These ginger raspberry muffins make a sweet and warm flavour combination. Baked with coconut flour they are deliciously low in carbs and gluten free.
The flavour combination of ginger and raspberry is just delicious and something I want to explore further. The fresh ginger works so well with the sweet sharpness of the raspberries. Add into cake form and voila!
The Chief Taster and I were in a debate as to whether these were a muffin or a cake..they are slightly denser than a muffin so I am calling them a cake but there are a bit “muffin’ish”.. Either way they are tasty! I even had one for breakfast the next day which is unusual for me as I like eggs or something savoury for breakfast.
I just love baking cakes with coconut flour. Coconut flour is so good for you being low carb, gluten free, high in fibre, full of beneficial fats and protein. One will keep you going for a while..two even longer! This is due to the high fibre content which is why they need so much liquid and extra eggs compared to wheat flour. It’s also why you use less volume of the coconut flour in recipes too compared to the wheat flours.

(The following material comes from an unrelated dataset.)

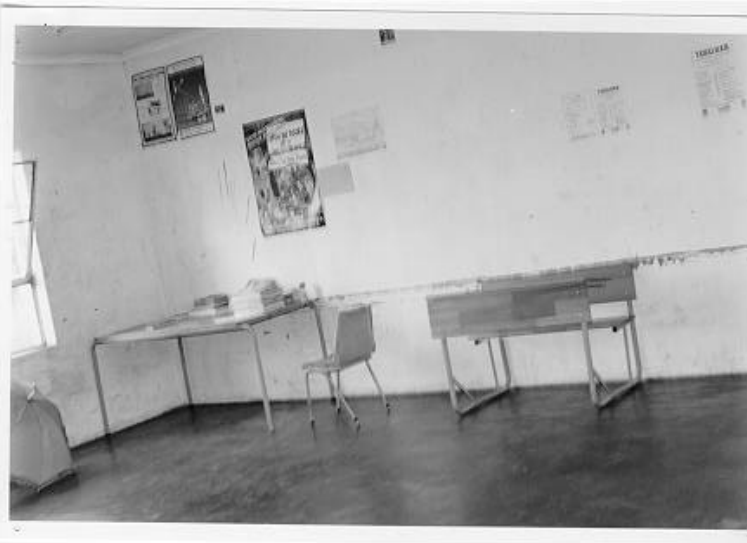
Staff room at Mandlakababa Primary School.

I find the great benefit of cooking with a gluten free flour such as coconut flour is that there is a lot less beating of the mixture compared to the other wheat flours where you need an upper body workout to blend it. Mix, pour, bake and eat!
- 1/2 cup (58g) coconut flour
- 1/2 cup butter melted
- 1/2 cup erythritol or sugar substitute
- 6 Eggs
- 6oz 170g raspberries
- 1 inch Fresh ginger peeled & grated
- 1/4 teaspoon baking powder
- Preheat the oven to 200C/400F degrees and grease a muffin tin.
- Beat the eggs and butter in a bowl. Add the erythritol (or other sugar substitute) and blend well.
- Add the coconut flour and baking powder. Mix until combined.
- Add the ginger and raspberries and stir thoroughly.
- Spoon the mixture into the muffin tin.
- Bake for 20-25 minutes until golden and firm.
- Eat and enjoy!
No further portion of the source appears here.